Work to complete: Skipping any pictures, give all of the records below again exactly.

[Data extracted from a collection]
╭──

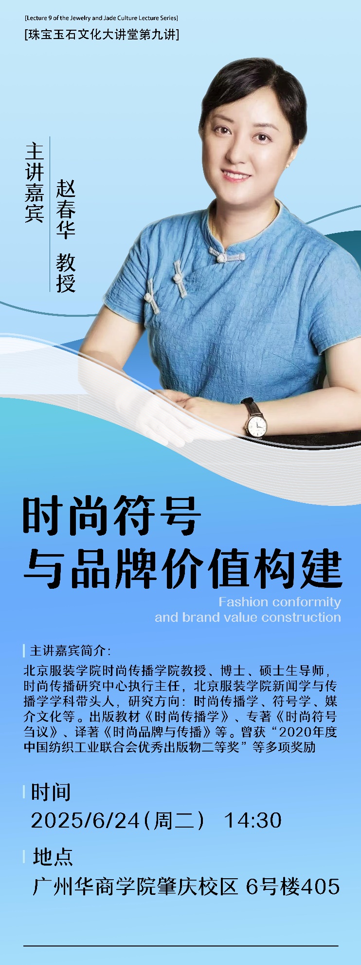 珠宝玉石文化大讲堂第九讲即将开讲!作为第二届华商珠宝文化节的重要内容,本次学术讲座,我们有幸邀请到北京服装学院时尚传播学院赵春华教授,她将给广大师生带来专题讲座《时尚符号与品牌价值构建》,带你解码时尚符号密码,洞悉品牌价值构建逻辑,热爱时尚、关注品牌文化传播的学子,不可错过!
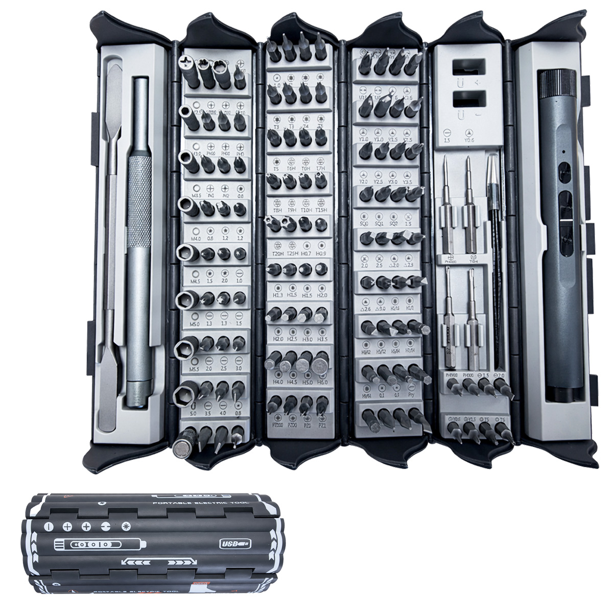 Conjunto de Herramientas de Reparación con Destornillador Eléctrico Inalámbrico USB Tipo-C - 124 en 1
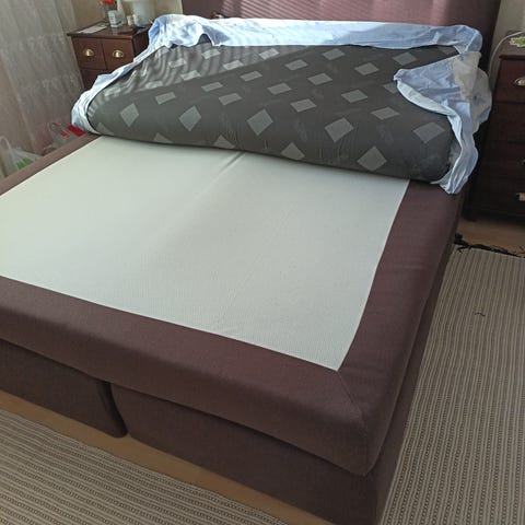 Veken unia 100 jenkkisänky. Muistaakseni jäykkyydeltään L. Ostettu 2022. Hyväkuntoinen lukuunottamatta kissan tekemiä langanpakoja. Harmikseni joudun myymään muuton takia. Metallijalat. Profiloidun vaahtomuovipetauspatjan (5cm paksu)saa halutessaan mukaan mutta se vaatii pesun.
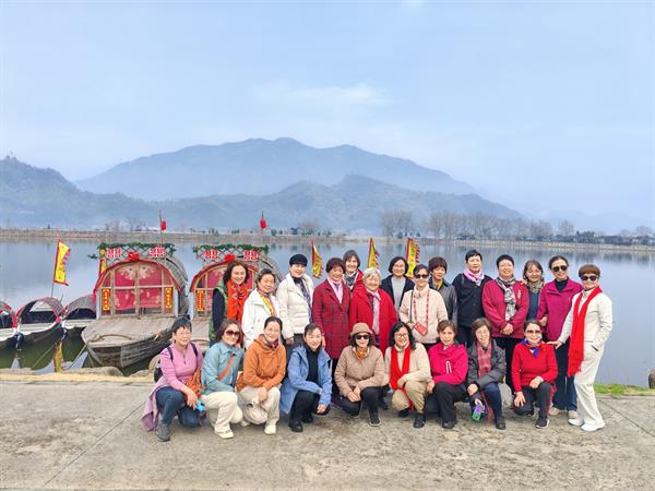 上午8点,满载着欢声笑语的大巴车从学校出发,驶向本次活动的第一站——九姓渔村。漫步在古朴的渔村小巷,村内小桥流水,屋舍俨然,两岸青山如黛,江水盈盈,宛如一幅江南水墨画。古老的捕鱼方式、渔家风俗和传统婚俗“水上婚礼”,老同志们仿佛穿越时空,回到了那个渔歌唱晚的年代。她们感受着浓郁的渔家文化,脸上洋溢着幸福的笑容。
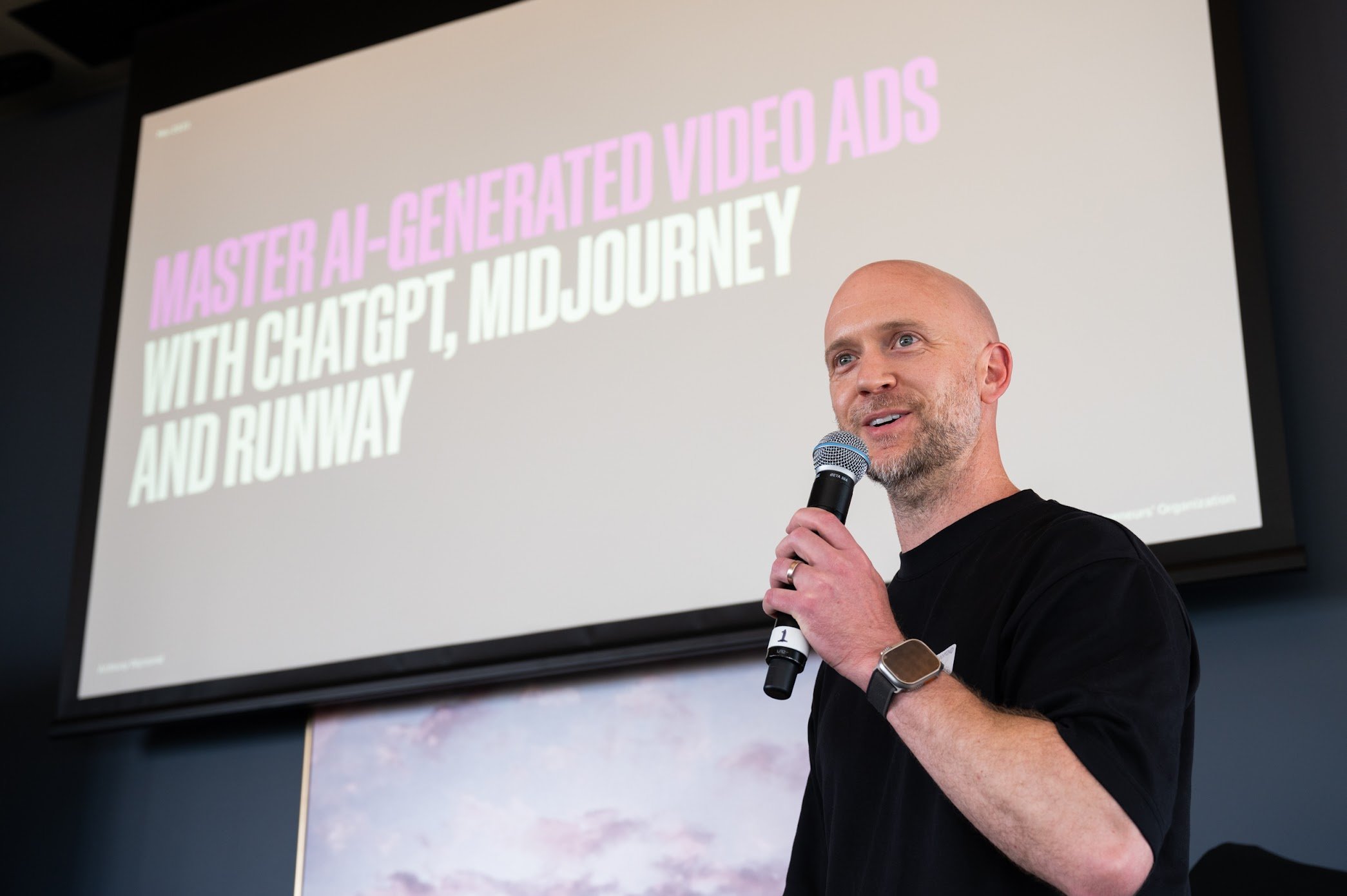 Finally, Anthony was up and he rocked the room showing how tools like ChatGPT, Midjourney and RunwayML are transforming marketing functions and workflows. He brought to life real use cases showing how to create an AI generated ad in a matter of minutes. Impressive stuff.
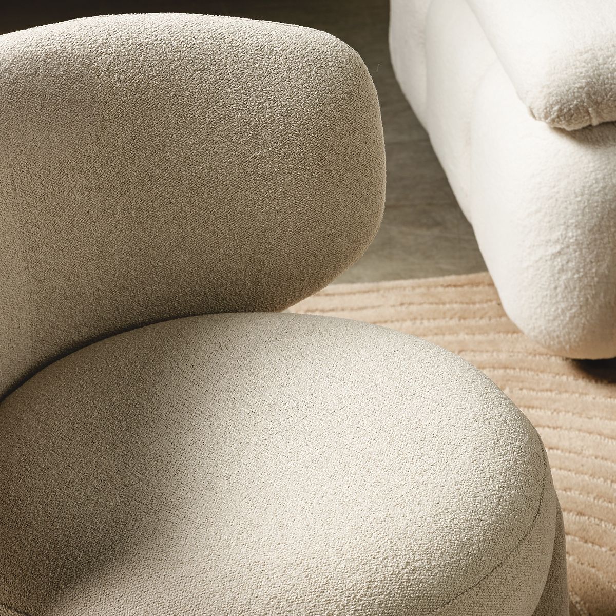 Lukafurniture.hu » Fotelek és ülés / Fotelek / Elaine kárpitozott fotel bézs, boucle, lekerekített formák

╰──

Reply:
 珠宝玉石文化大讲堂第九讲即将开讲!作为第二届华商珠宝文化节的重要内容,本次学术讲座,我们有幸邀请到北京服装学院时尚传播学院赵春华教授,她将给广大师生带来专题讲座《时尚符号与品牌价值构建》,带你解码时尚符号密码,洞悉品牌价值构建逻辑,热爱时尚、关注品牌文化传播的学子,不可错过!
 Conjunto de Herramientas de Reparación con Destornillador Eléctrico Inalámbrico USB Tipo-C - 124 en 1
 Veken unia 100 jenkkisänky. Muistaakseni jäykkyydeltään L. Ostettu 2022. Hyväkuntoinen lukuunottamatta kissan tekemiä langanpakoja. Harmikseni joudun myymään muuton takia. Metallijalat. Profiloidun vaahtomuovipetauspatjan (5cm paksu)saa halutessaan mukaan mutta se vaatii pesun.
 上午8点,满载着欢声笑语的大巴车从学校出发,驶向本次活动的第一站——九姓渔村。漫步在古朴的渔村小巷,村内小桥流水,屋舍俨然,两岸青山如黛,江水盈盈,宛如一幅江南水墨画。古老的捕鱼方式、渔家风俗和传统婚俗“水上婚礼”,老同志们仿佛穿越时空,回到了那个渔歌唱晚的年代。她们感受着浓郁的渔家文化,脸上洋溢着幸福的笑容。
 Finally, Anthony was up and he rocked the room showing how tools like ChatGPT, Midjourney and RunwayML are transforming marketing functions and workflows. He brought to life real use cases showing how to create an AI generated ad in a matter of minutes. Impressive stuff.
 Lukafurniture.hu » Fotelek és ülés / Fotelek / Elaine kárpitozott fotel bézs, boucle, lekerekített formák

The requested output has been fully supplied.